Collected data:
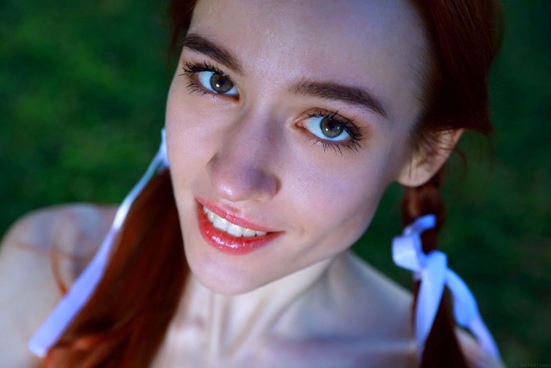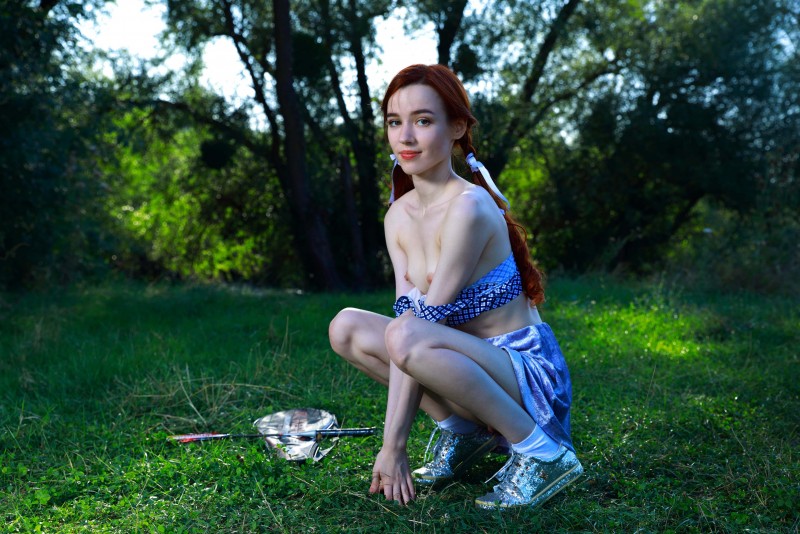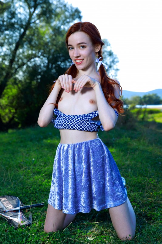 Вдали от домов в тени деревьев деревенская девка игриво обнажается перед камерой и развратно стоит раком в траве на природе. Худая рыжая девица с маленькими титьками совершенно без комплексов и не стесняется своего тощего бледного тела, когда крупным планом показывает свою бритую пухлую письку.
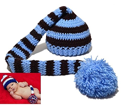 Kafeimali - كافيملي قبعة صغيرة محبوكة من الكروشيه بذيل طويل بيبي كريسماس ازرق مقاس واحد
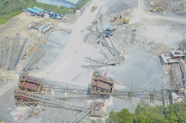 整條生產線由振動給料機、重錘破、雙轉子制砂機、整形機、振動篩組合而成,可以同時生產出石料和砂子,可謂是兩用。
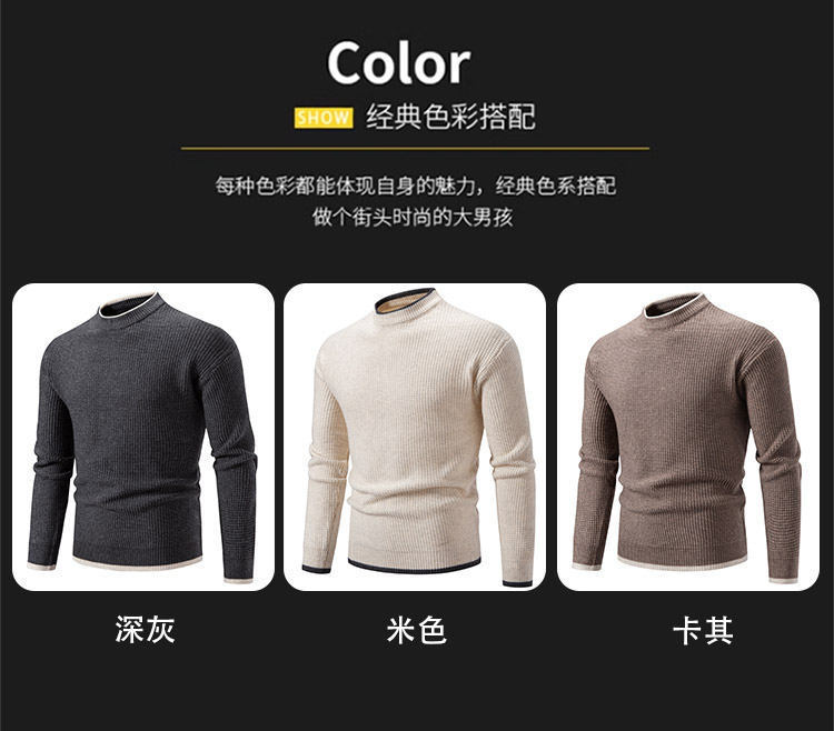 クロスボーダー秋冬新作メンズニット純色タートルネックセーターカジュアルコートメンズプルオーバー大きいサイズニット
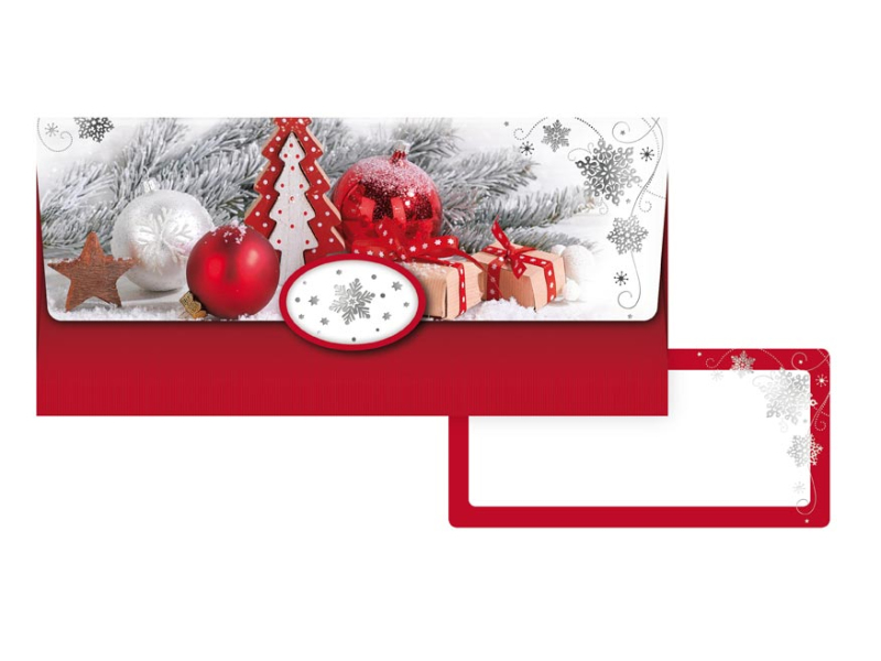 Darčeková obálka na peniaze s vianočným motívom a uzatvárateľnou klapkou. Darujte svojim blízkym darček k Vianociam v podobe obálky na peniaze. Do obálky sa môžu vložiť peniaze alebo darčekový poukaz. Vo vnútri je kartička bez textu, na ktorú môžete napísať venovanie. Dodávame v plastovom vrecku so závesom. Uvedená cena je za 1 ks.
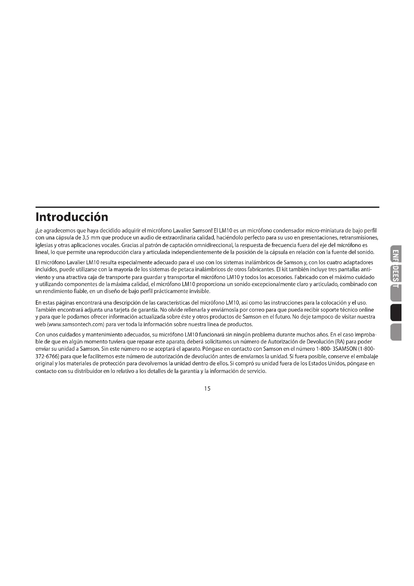 - Installieren Sie für Aufnahme im Freien oder um Atemgeräusche zu reduzieren eine der mitgelieferten Schutzvorrichtungen.14 Richtcharakteristik Frequenzgang Element: . . . . . . . . . . . . . . .Back-Elektret Kondensator Richtcharakteristik: . . . . . . . .Omnidirektional Frequenzgang: . . . . . . . . . . .20Hz-20KHz Empndlichkeit : . . . . . . . . . .-45±3dB 1V/Pa bei 1khz Ausgangsimpedanz: . . . . . . .2KΩ±30% SPL max: . . . . . . . . . . . . . . .140dB Betriebsspannung: . . . . . . . .1,5 - 12V D.C Kabel: . . . . . . . . . . . . . . . . .Φ 1,4mm x 1,2m Gewicht: . . . . . . . . . . . . . . .13g Maße: . . . . . . . . . . . . . . . . .Φ3.5mm Ausgangsanschlüsse: . . . . . . .2,5mm Beigefügte Adapter . . . . . . . .Shure, AT, AKG, Sennhieser Zubehör: . . . . . . . . . . . . . . .Schutzvorrichtung, Clip Spezifikationen können ohne vorherige Ankündigung geändert werden. Spezifikationen15 EN FR DE ES IT Introducción ¡Le agradecemos que haya decidido adquirir el micrófono Lavalier Samson! El LM10 es un micrófono condensador micro-miniatura de bajo perfil con una cápsula de 3,5 mm que produce un audio de extraordinaria calidad, haciéndolo perfecto para su uso en presentaciones, retransmisiones, iglesias y otras aplicaciones vocales. Gracias al patrón de captación omnidireccional, la respuesta de frecuencia fuera del eje del micrófono es lineal, lo que permite una reproducción clara y articulada independientemente de la posición de la cápsula en relación con la fuente del sonido. El micrófono Lavalier LM10 resulta especialmente adecuado para el uso con los sistemas inalámbricos de Samson y, con los cuatro adaptadores incluidos, puede utilizarse con la mayoría de los sistemas de petaca inalámbricos de otros fabricantes. El kit también incluye tres pantallas anti- viento y una atractiva caja de transporte para guardar y transportar el micrófono LM10 y todos los accesorios. Fabricado con el máximo cuidado y utilizando componentes de la máxima calidad, el micrófono LM10 proporciona un sonido excepcionalmente claro y articulado, combinado con un rendimiento fiable, en un diseño de bajo perfil prácticamente invisible. En estas páginas encontrará una descripción de las características del micrófono LM10, así como las instrucciones para la colocación y el uso. También encontrará adjunta una tarjeta de garantía. No olvide rellenarla y enviárnosla por correo para que pueda recibir soporte técnico online y para que le podamos ofrecer información actualizada sobre éste y otros productos de Samson en el futuro. No deje tampoco de visitar nuestra web (www.samsontech.com) para ver toda la información sobre nuestra línea de productos. Con unos cuidados y mantenimiento adecuados, su micrófono LM10 funcionará sin ningún problema durante muchos años. En el caso improba- ble de que en algún momento tuviera que reparar este aparato, deberá solicitarnos un número de Autorización de Devolución (RA) para poder enviar su unidad a Samson. Sin este número no se aceptará el aparato. Póngase en contacto con Samson en el número 1-800- 3SAMSON (1-800- 372-6766) para que le facilitemos este número de autorización de devolución antes de enviarnos la unidad. Si fuera posible, conserve el embalaje original y los materiales de protección para devolvernos la unidad dentro de ellos. Si compró su unidad fuera de los Estados Unidos, póngase en contacto con su distribuidor en lo relativo a los detalles de la garantía y la información de servicio.16 Características del LM10 El Micrófono Lavalier Omnidireccional LM10 proporciona una reproducción vocal exce- lente en una unidad de diseño de bajo perfil casi invisible. Las características principales del LM10 son las siguientes:
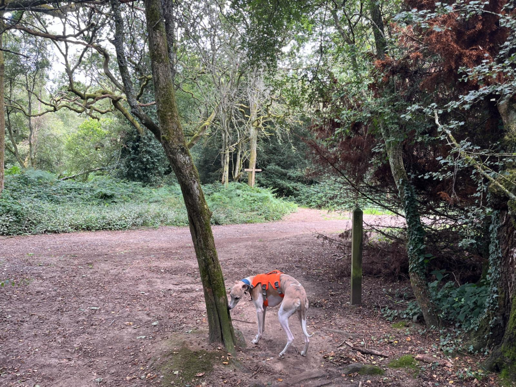 It’s surprisingly open under the trees but bear round to the right of a small stump.
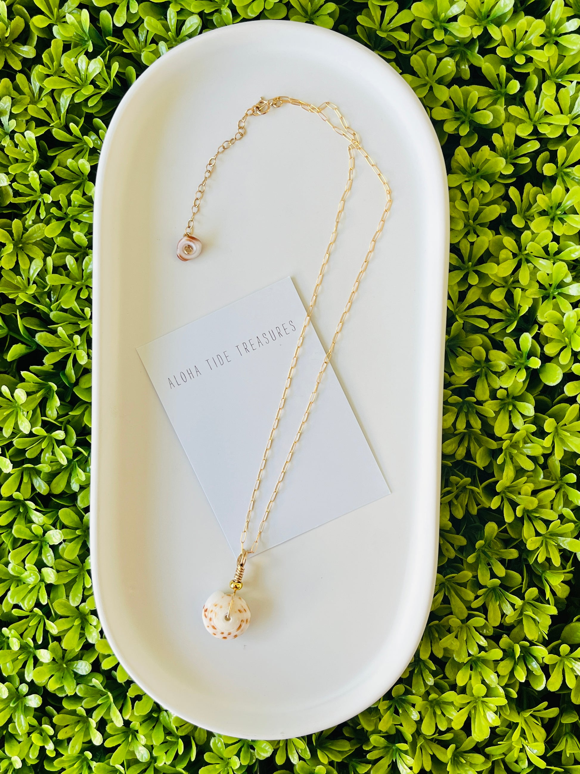 Locally found beautiful Puka Shell hung from 14K Gold Filled Chain and wire measuring 16 inches with adjustable chain.
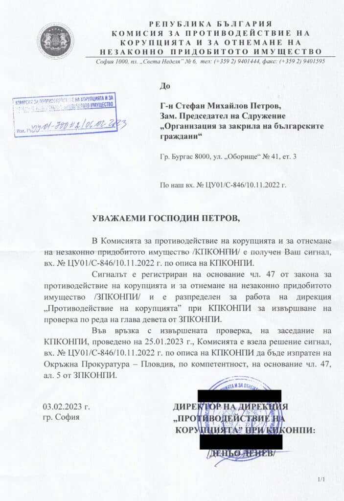 Получихме отговор от антикорупционната комисия, че сигналът е пренасочен към Пловдивската окръжна прокуратура на основание чл. 47, ал. 5 от Закона за КПКОНПИ.

Task details =
The response should consist of the lines above from the first through the one containing "クロスボーダー秋冬新作メンズ", transcribed exactly, with every picture left out.

Answer box =
 Вдали от домов в тени деревьев деревенская девка игриво обнажается перед камерой и развратно стоит раком в траве на природе. Худая рыжая девица с маленькими титьками совершенно без комплексов и не стесняется своего тощего бледного тела, когда крупным планом показывает свою бритую пухлую письку.
 Kafeimali - كافيملي قبعة صغيرة محبوكة من الكروشيه بذيل طويل بيبي كريسماس ازرق مقاس واحد
 整條生產線由振動給料機、重錘破、雙轉子制砂機、整形機、振動篩組合而成,可以同時生產出石料和砂子,可謂是兩用。
 クロスボーダー秋冬新作メンズニット純色タートルネックセーターカジュアルコートメンズプルオーバー大きいサイズニット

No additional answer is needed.